George McClellan was a colossal political reality, built up during the previous months into a hero for millions of Americans. He had created the Army of the Potomac, and now he was his soldiers’ idol. The Constitution might say that he was Lincoln’s subordinate, but political reality decreed him to be an independent power whose influence rivaled—and perhaps exceeded—Lincoln’s own. Elected by the smallest plurality in American history, Lincoln was “a minority president,” as he put it himself, while McClellan was “a majority general.” And despite Lincoln’s insistence on action, his senior commander was determined not to be rushed.
True, McClellan’s deliberate pace had begun to tarnish his star, but Lincoln’s popularity was battered as well. He had infuriated ardent Republicans by removing Frémont, the party’s original standard-bearer
, from command in Missouri. Lincoln had outraged bellicose patriots by apologizing to Great Britain over the Trent affair. He was too conservative for radical Republicans and too radical for conservative Democrats.
Worst of all, the country was losing hope.
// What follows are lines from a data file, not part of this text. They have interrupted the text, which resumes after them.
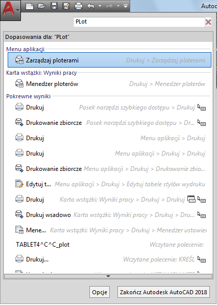 Pole wyszukiwania poleceń jest wyświetlane na górze menu aplikacji. Wyniki wyszukiwania mogą zawierać polecenia menu, podstawowe etykiety narzędzi i ciągi tekstowe wiersza polecenia. Można wprowadzić dowolny wyszukiwany termin w dowolnym języku. Wyniki można zastosować do bieżącego obszaru roboczego.
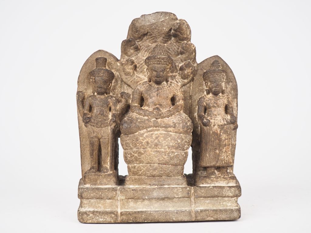 Angkor, fin XIIe - début XIIIe siècle, Triade bouddhique en grès gris foncé représentant sakyamini, sa mandorle représentant Mucilinda avec ses boddhisattva de part et d’autre Dim. 26 x 21 cm
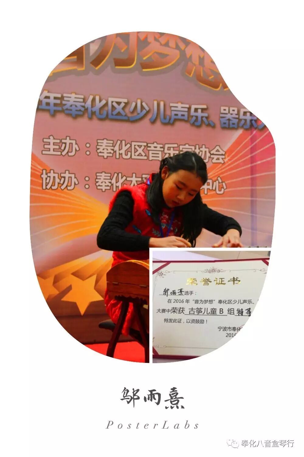 在这里祝贺八音盒古筝音乐艺术中心的小选手取得优异的成绩,特别恭喜邬雨熹小朋友获得儿童古筝B组特等奖,获得奖学金1000元。
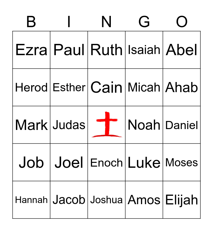 This bingo card has a free space and 29 words: Hannah, Mark, Judas, Cain, Ezra, Ruth, Esther, Joel, Noah, Jacob, Daniel, Elijah, Joshua, Amos, Ahab, Rahab, Enoch, Job, Abel, Mark, Luke, Judas, Micah, Herod, Isaiah, Paul, Moses, Cain and Jacob.
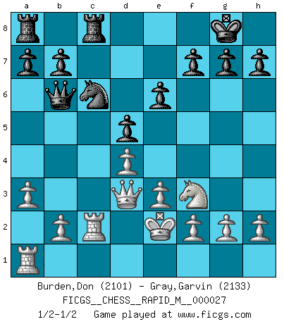 Last move : 1/2-1/2 2010 June 3 23:37:53 [Event "FICGS__CHESS__RAPID_M__000027"] [Site "FICGS"] [Date "2010.03.21"] [Round "1"] [White "Burden,Don"] [Black "Gray,Garvin"] [Result "1/2-1/2"] [WhiteElo "2101"] [BlackElo "2133"] 1.Nf3 d5 2.d4 Nf6 3.Bf4 Bf5 4.e3 e6 5.Bd3 Ne4 6.Nbd2 Bd6 7.Bxd6 cxd6 8.c4 Nxd2 9.Qxd2 Bxd3 10.Qxd3 dxc4 11.Qxc4 d5 12.Qb3 Qa5+ 13.Ke2 Qa6+ 14.Qd3 Qb6 15.Rhc1 O-O 16.Rc2 Nc6 17.a3 Rfc8 1/2-1/2 Reti Opening Kingside Castling by player Black (move 15) This chess game ended in a draw. Follow this game move after move (download)Chess problems demand from the composer the same virtues that characterize all worthwhile art: originality, invention, conciseness, harmony, complexity, and splendid insincerity. (Vladimir Nabokov) Jeder weiß, dass Gasprom Putins persönliches Machtinstrument ist. Die Firma wird vom Kreml aus geleitet und wird schon deshalb nie transparent sein. (Garry Kasparov) Las Aperturas te enseñan aperturas. ¡Los Finales te enseñan Ajedrez!. (Stephan Gerzadowicz) Le thème de l'attaque double intervient d'une manière ou d'une autre dans l'immense majorité des combinaisons. (Youri Averbakh) Some people are so afraid to die that they never begin to live. (Henry Van Dyke)
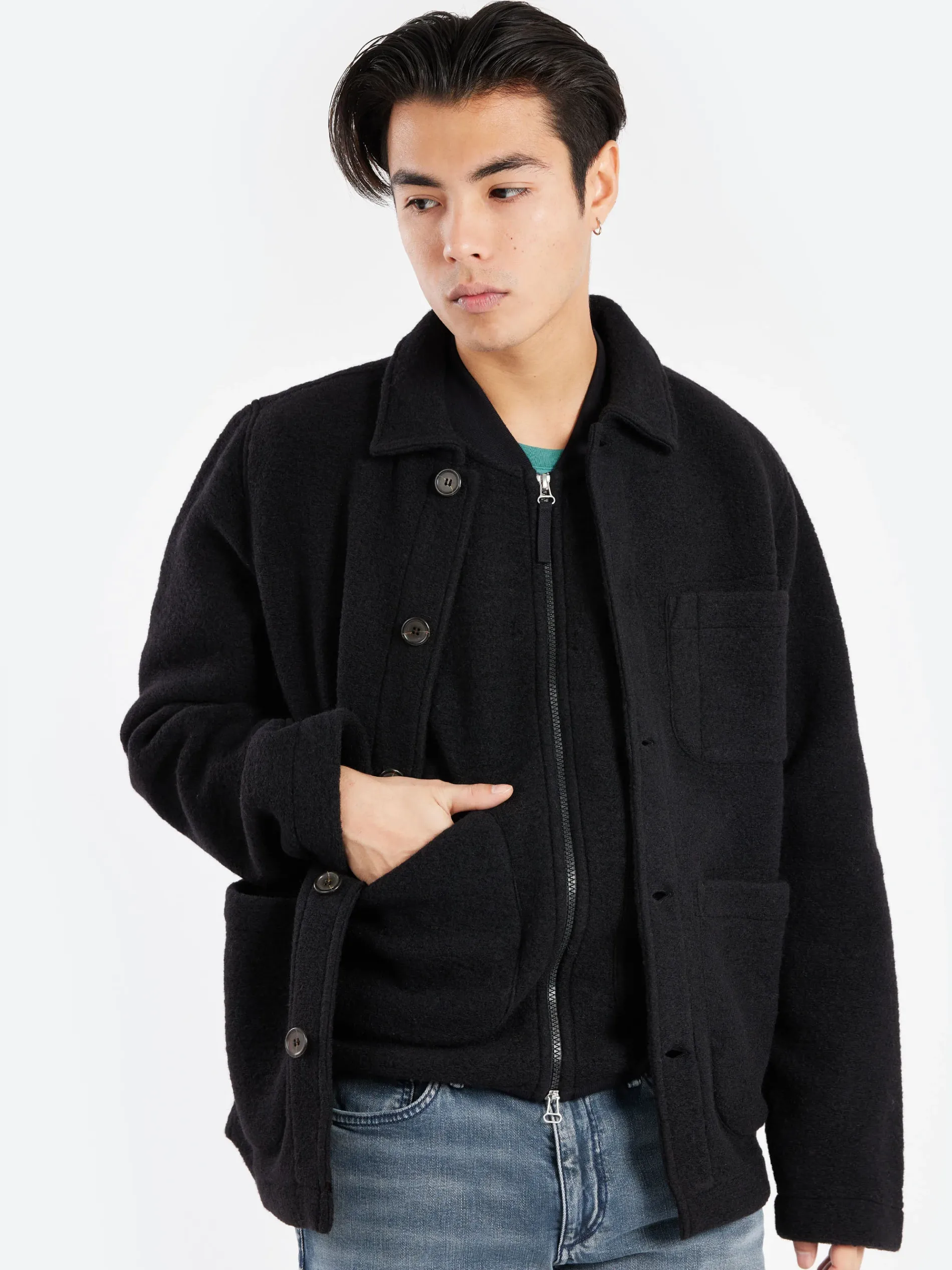 A loose, boxy fit simple jacket with three patch pockets, made from a luxury wool-blend fabric.
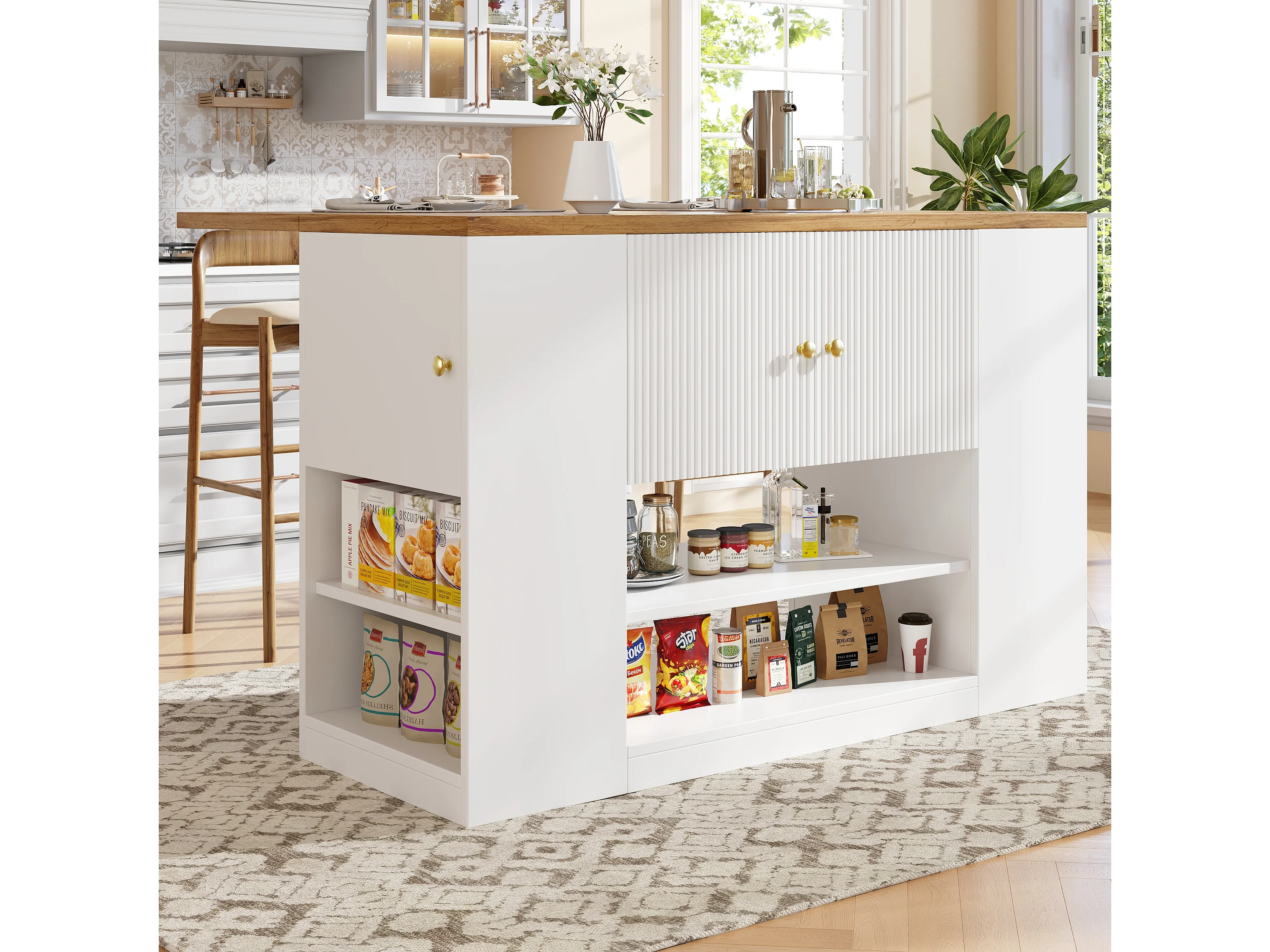 Îlot de cuisine moderne - 140 x 40 x 90 cm - avec tiroirs + étagères + portes - MDF + métal - blanc
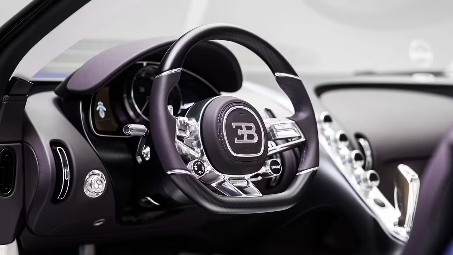 内饰匠心:浅深双色皮革+紫色点缀+碳纤维营造统一氛围数千针复杂刺绣呈现动态花卉图案(头枕对称构图、门板花瓣如风流动)换挡杆内嵌品牌创始人之弟伦勃朗·布加迪经典雕塑"舞动的大象",置于定制染色玻璃中,连接艺术传承与现代工艺
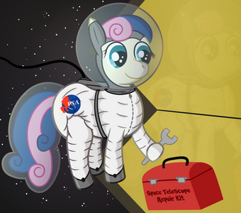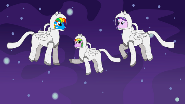 A digital drawing of Rarity, Fluttershy, and Pinkie Pie in spacesuits on the moon. Requested by www.deviantart.com/steamanddieβ¦Related content
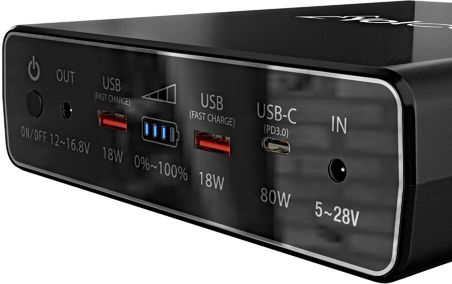 - USB-C-Ausgangsport (PD3.0): 5–20V/4,0 A (max. 80 W)
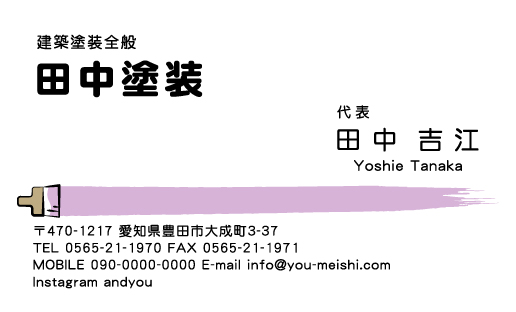 ペンキ屋・塗装屋 名刺デザイン penki-CA-007 カテゴリ > ペンキ屋・塗装屋 名刺デザイン ハケのイラストが描かれたペンキ屋・塗装屋さん向けの名刺デザインです。 表 イメージ ※オンマウスで拡大表示いたします。 サイズ 91mm × 55mm このデザインで注文する このデザインでFAX注文 裏面デザインについて このデザインをお気に入りに追加 この商品に対するお問い合わせ 色違いデザイン penki-CA-008 簡単料金計算 用紙を選択 ハイトーン (最もスタンダードな白い用紙) マイルド (白味を少し抑えたオフホワイトの用紙) サニー (クリーム色の用紙) グレイ (緑がかった明るい灰色の用紙) 光沢紙 ※両面印刷不可 ※ラインストーン不可和紙(両面新大礼紙) (両面にレーヨン繊維が漉き込まれています) 半透明(トレーシングペーパー) ※両面印刷不可 ※ラインストーン不可半透明(NTパイル) ※両面印刷不可 ※ラインストーン不可厚紙:オフホワイト 枚数を選択 203050100150200300400500 金額をチェック 送料はこちら レビューコメント レビュー・コメントはまだありません。 閉じる レビューをお書きください このデザインのレビュー(ご感想)をぜひご記入ください レビュー入力欄 レビューは不特定多数の方がご覧になりますので、 個人情報などを含まれないようにご注意ください。 投稿していただいた内容について、弊社で不適切と判断した場合には、 お断りなく非掲載とさせていただく場合がございます。 レビュー記入者の種別 閲覧者 購入者 レビュー記入者の名前(ニックネーム) 下の数字を入力:
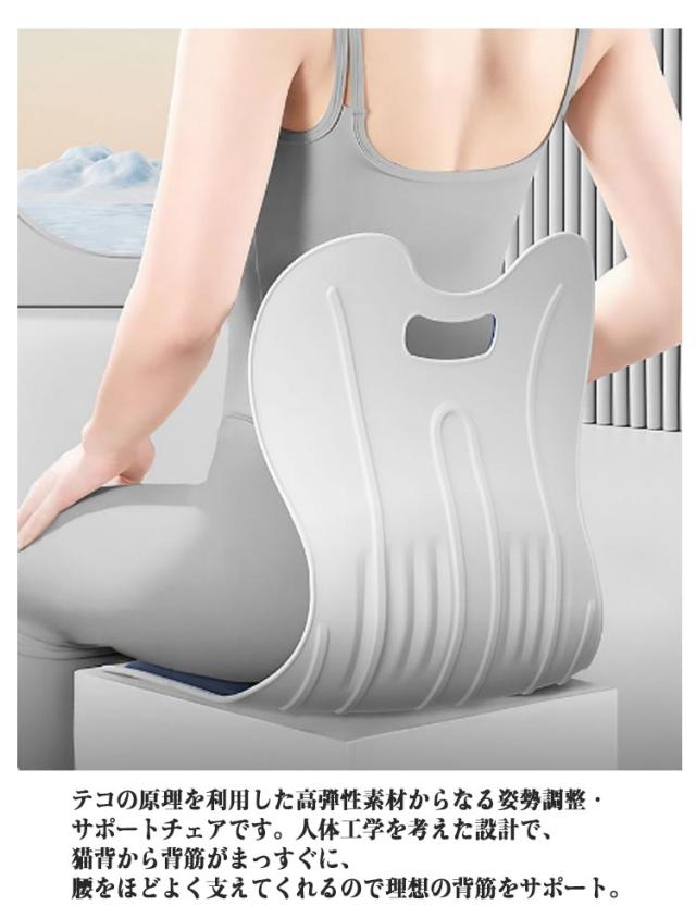 | 車シート、椅子や床に置いて座るだけで猫背改善!大人用姿勢矯正椅子。 テコの原理を利用した高弾性素材からなる姿勢調整・サポートチェアです。人体工学を考えた設計で、猫背から背筋がまっすぐに、腰をほどよく支えてくれるので理想の背筋をサポート。 【姿勢調整】人間工学に基づた設計で腰椎をしっかりと支え、腰の疲労感を軽減し健康な脊椎ラインを維持します。 【骨盤を安定させてくれる座面】本製品は骨盤の形状やサイズを考慮し、設計されています、骨盤を左右から支えることで安定させます。 【超強弾性】クッション材には、ウレタンを使用。弾力性に優れ、もちもちとした感触が腰とお尻を包みます。 【表地】側地はポリエステル100%さらっと滑らかな触り心地で快適に使用できます。 【軽量設計】片手でも楽々持てる軽さなので、家の中でも車の中でも持ち運びが簡単でいろんな場所で使えます。 | |
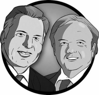 The mark consists of the faces of two male figures, each wearing a collared shirt, suit jacket and tie. All of the foregoing appears within a circular design.
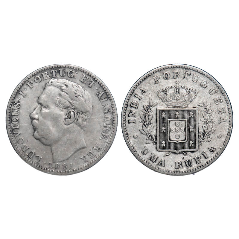 | Indo Portuguese, Silver Rupia, 11.29g, D Luis (1861-1889 AD), 1881 AD, Goa issue, Bust on obverse, date, denomination Uma Rupia on obverse. A.Gomes (page 602), 14.01, KM 312. About Very Fine, Scarce. |
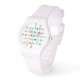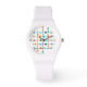 Denna klocka har i mitten av århundradet en modern utformning av ett rutnät i svart linjer med orange- och tårcirklar och diamanter.
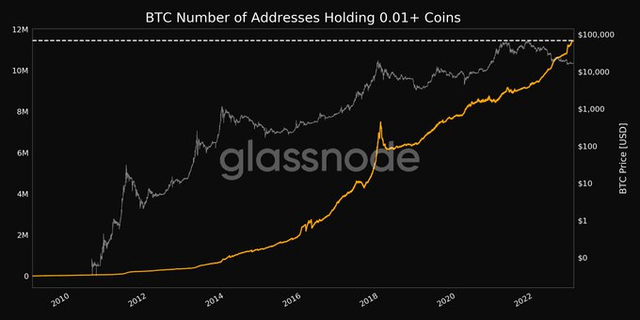 최소 0.01개 이상 비트코인(BTC)을 보유한 주소 수가 사상 최고치를 경신한 것으로 나타났다.
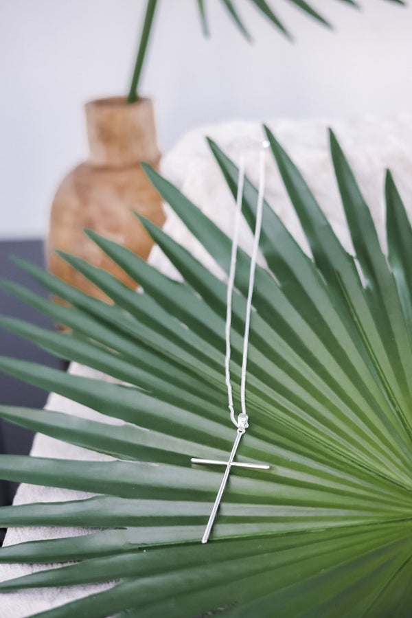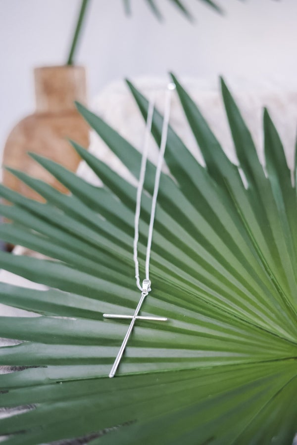 Stunning 16" silver long cross neckless. Brand: Leslie Curtis Jewelry Designs

Public pessimism was quickly eroding the president’s power. Congressman Henry L. Dawes, of Massachusetts, writing to his wife as the new year dawned, described the widespread lack of faith in Lincoln’s administration: “Times are exceedingly dark and gloomy—I have never seen a time when they were so much so. Confidence in everybody is shaken to the very foundation— The credit of the Country is ruined—its arms impotent, its Cabinet incompetent, its servants rotten, its ruin inevitable.”
In such a weakened condition, Lincoln lacked the leverage necessary to budge an obstacle as weighty as General McClellan and unstick his motionless armies. No matter what Bates might believe, two or three or four presidential aides with West Point credentials would hardly alter that situation. Even so, fate had offered Lincoln a tiny opening: McClellan’s grave illness.
Disease was rampant in filthy wartime Washington, where churches were hastily converted into hospitals by laying rough planks across the pew backs to serve as infirmary floors. Soldiers were dying at a shocking rate: “Forty or fifty per day are carried off,” wrote one observer—the equivalent of a regiment wiped out every three weeks. The capital city was a cauldron of epidemics. Measles: on that New Year’s Day, in a makeshift ward not a mile from the White House, a hundred young men from a single regiment, the 11th Maine, were near death. Smallpox: “There are cases of it in almost every Street in the City,” wrote a diarist as the disease leaped from unvaccinated soldiers into the parlors of the city’s civilians. “There is said to be over 400 cases in private families.” Typhoid fever: this was McClellan’s scourge, a deadly bacterial infection spread through drinking water contaminated by human waste. No one was safe from its ravages in a city where the watershed was crowded with tens of thousands of volunteer soldiers living in unsanitary camps. Even at the White House, where drinking water poured from modern indoor plumbing, the pipes that fed the faucets drew straight from the unclean Potomac.